1.6.1.1. Time Domain Definition#

Mathematically, the raw cross-correlation \(R_{xy}(\tau)\) of two sequences \(x_t\) and \(y_t\) at lag \(\tau\) is given by the sliding dot product:

(1.2)#\[\begin{equation} R_{xy}(\tau) = \sum_{t} x_t y_{t + \tau} \end{equation}\]

However, to make the metric comparable across different datasets, we typically use the Normalized Cross-Correlation Function. According to [Brockwell and Davis, 2016], the sample cross-correlation \(\hat{R}_{xy}(\tau)\) is defined as:

(1.3)#\[\text{Normalized } R_{xy}(\tau) = \dfrac{1}{N} \sum_{t} \dfrac{(x_t - \mu_x)}{\sigma_x}\dfrac{(y_{t+\tau} - \mu_y)}{\sigma_y} \cdot \]

Where:

  • \(\mu_x, \mu_y\): Means of the series.

  • \(\sigma_x, \sigma_y\): Standard deviations of the series.

  • \(\tau\): The lag (shift) in time steps.

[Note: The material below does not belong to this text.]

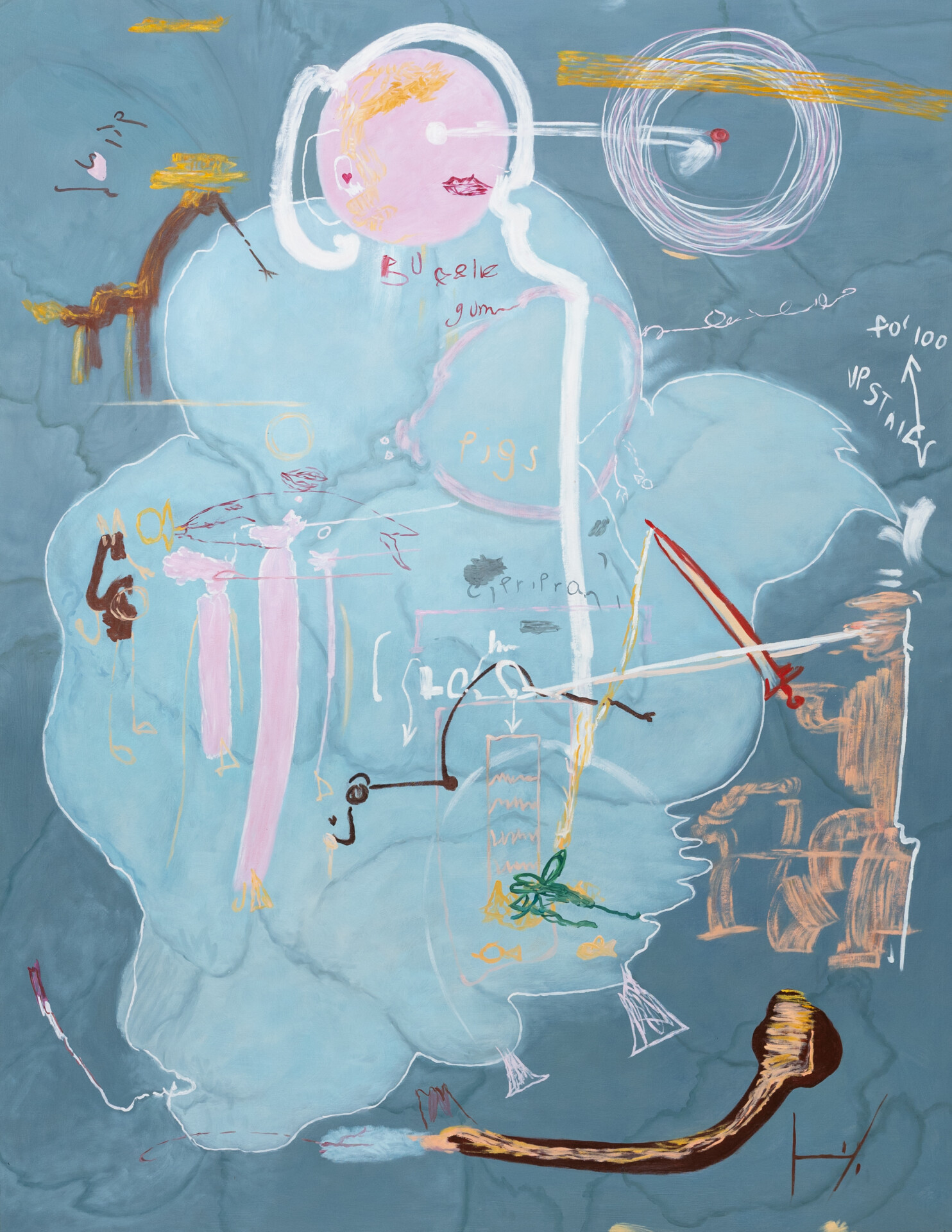 At launch, three artists are exclusively represented across the platform: Naleye, Jake Hall and Gods MGMT. Their practices differ markedly. Hall’s canvases move between gestural abstraction and diaristic mark-making. Naleye’s work explores pattern and repetition through dense, graphic compositions. Gods MGMT operates as a collective, working with bold visual language that draws on pop iconography and cultural symbolism.

  • \(N\): The number of observations.

Interpretation: The resulting value ranges from \(-1\) to \(+1\):

  • Peak at \(\tau = 0\): The series are synchronized.

  • Peak at \(\tau < 0\): \(x_t\) leads \(y_t\) (or \(y_t\) leads \(x_t\) depending on convention; see implementation below).

  • Peak at \(\tau > 0\): The opposite relationship holds.

1.6.1.2. Frequency Domain (Coherence)#

While cross-correlation measures similarity in the time domain, Coherence measures the correlation between two signals as a function of frequency. It is analogous to a squared correlation coefficient for each frequency component.

The Magnitude Squared Coherence \(C_{xy}(f)\) is defined as:

(1.4)#\[C_{xy}(f) = \dfrac{|P_{xy}(f)|^2}{P_{xx}(f) P_{yy}(f)}\]

Where:

  • \(P_{xy}(f)\): Cross-spectral density between \(x\) and \(y\).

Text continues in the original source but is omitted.